Because this is such a familiar passage, let’s “study” it a little differently. Before we answer each question below, read the passage and place yourself within the story as one of the characters.

  1. Read through Jesus’ story and imagine yourself as the priest, then as the Levite. What are some reasons each one may have crossed over to the other side? If Jesus were telling this story today, who would these characters be? What would it look like for them to “cross over to the other side” today?
  2. Read the story again and imagine yourself as the Samaritan. Why did he stop to help the man? What can we learn from this? Imagine Jesus telling this story today. What would it mean for someone to show this extent of kindness to a person in need?
  3. Finally, read this story one more time, imagining yourself as the wounded person. How would you have felt in his situation? How would you feel as both the priest and the Levite pass you by? What would it mean for you to be welcomed and cared for by the Samaritan after all you’d been through? Who are the people in your life who’ve been a good neighbor in your time of need?
  4. Who do you most identify with in this story? Remember the gospel – that we were wounded and needy when Jesus came to our aid – should help us to empathize and identify with the wounded traveler. How does remembering your need help to cultivate mercy in your heart toward others?


  1. The priest was the one responsible for mediating between God and the people of God. The priest was literally a professional care-giver and servant-leader for the people before God.

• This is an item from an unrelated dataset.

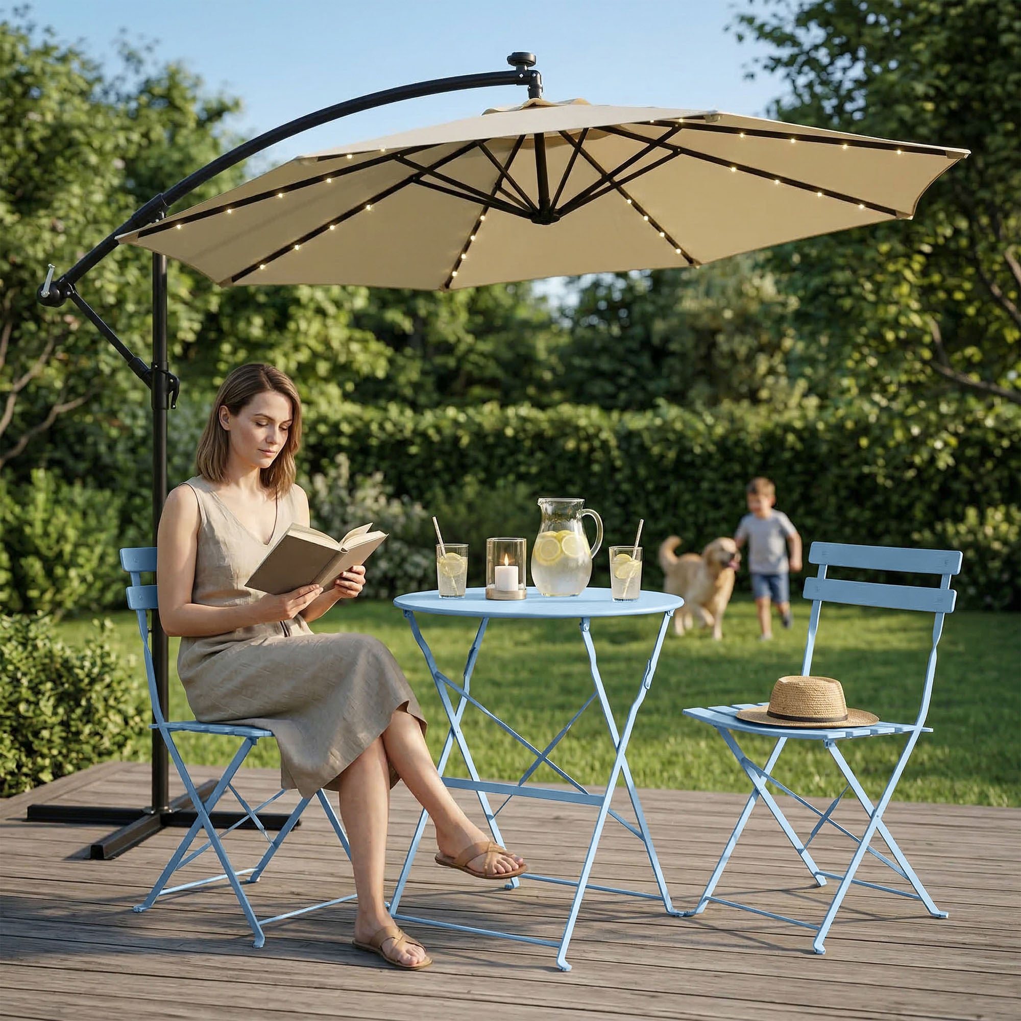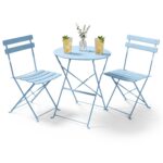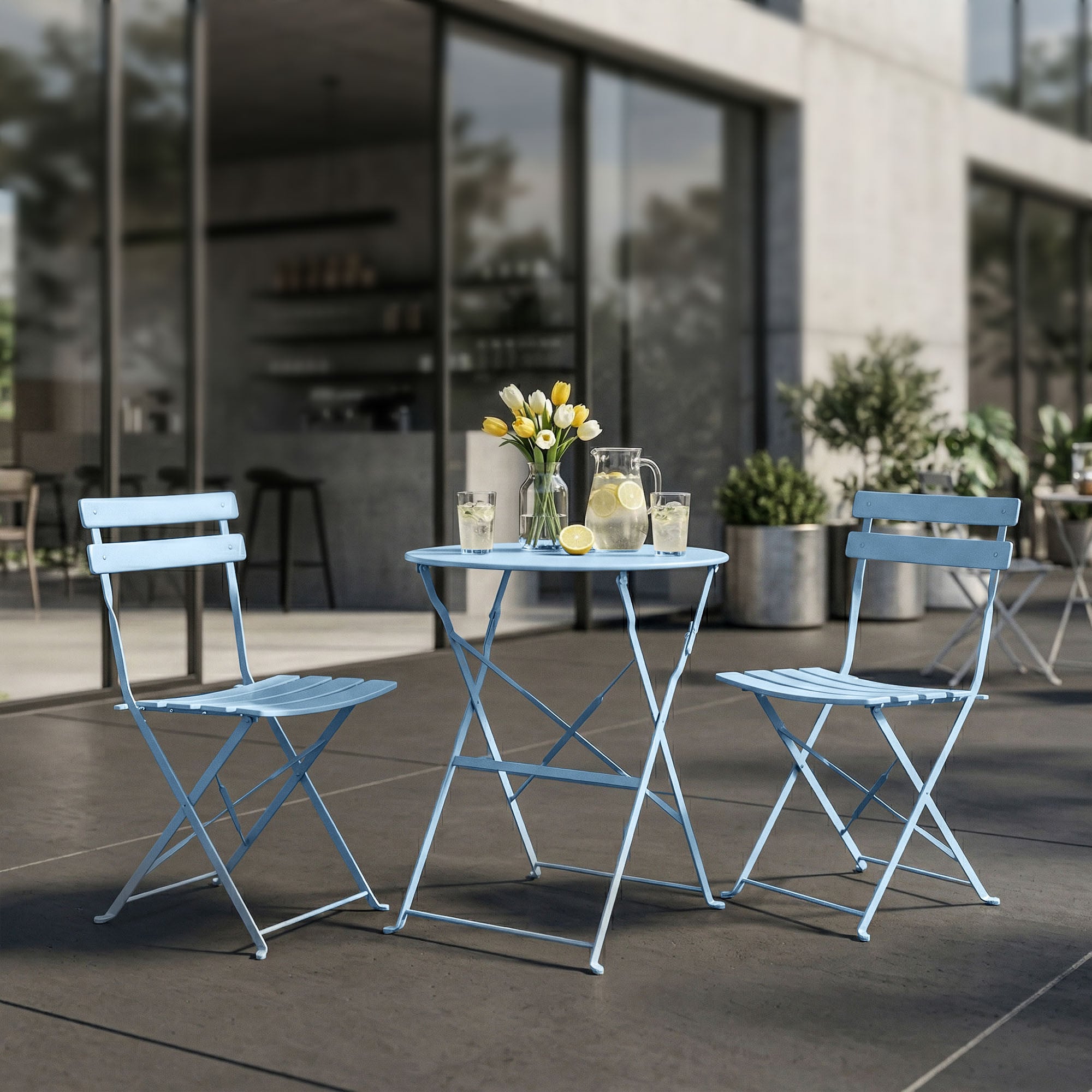 Zestaw mebli balkonowych ORION to doskonała propozycja dla osób poszukujących wygody i funkcjonalności podczas relaksu na świeżym powietrzu. Składający się z dwóch eleganckich krzeseł i okrągłego stołu zestaw zachwyca niebieskim kolorem oraz solidną metalową konstrukcją, zapewniającą trwałość i odporność na warunki atmosferyczne.

If anyone should have helped, the priest should have. The Levite “was a less likely person to offer help since his duty, assuming he fulfilled it, involved just assisting the priests in the mundane affairs involved in worship.” (Constable) While not the priest, the Levite is the next best thing and certainly should have stopped to help the wounded victim.
  2. The Samaritan is the only person that helped. We don’t know where he is coming from or where he is going. We also don’t know much about his social status or family background or what kind of resources he had (other than the fact that he had two denarii). All we know is that he has resources of some kind, and he is willing to leverage them to help a person who needs it. And we can speculate about why the priest and the Levite didn’t stop, but the only reason Jesus says this man stopped was “because he had mercy” (not because he was rich, not because he was holy, not because it was the right thing to do).
  3. We know nothing about the person who was wounded. All we know is that this person was on a journey and violently attacked, wounded and robbed. We don’t know if he was a nice person, if he was responsible, if did anything to contribute to his scuffle with the bandits, etc. We just know he is hurting and in need.
  4. Personal reflection.

Evening Reflection

One of my favorite theologians, Dr. Willie Jennings, often says that in the book of Acts you always find the Holy Spirit leading believers to people they don’t desire and to places they don’t want to go. He also explains that one huge problem in the Christian imagination is that for hundreds of years we’ve forgotten that we are the ones God included. The Jews were the chosen people with their own community and the Gentiles were outsiders. But God cared enough about us to push the Jewish believers outside their comfort zones so that we could hear the Good News and be saved.

Spend time this evening reflecting on the sentiments above. What does it mean for you that you are a person who was included? Who are the people or people groups in your life and community who are “outsiders” (for you and/or your church community)? What would it look like for them to be included into your life? What would it mean for you to be a neighbor to them? What, if anything, is keeping you from living out the radical reconciliation of the gospel in these relationships?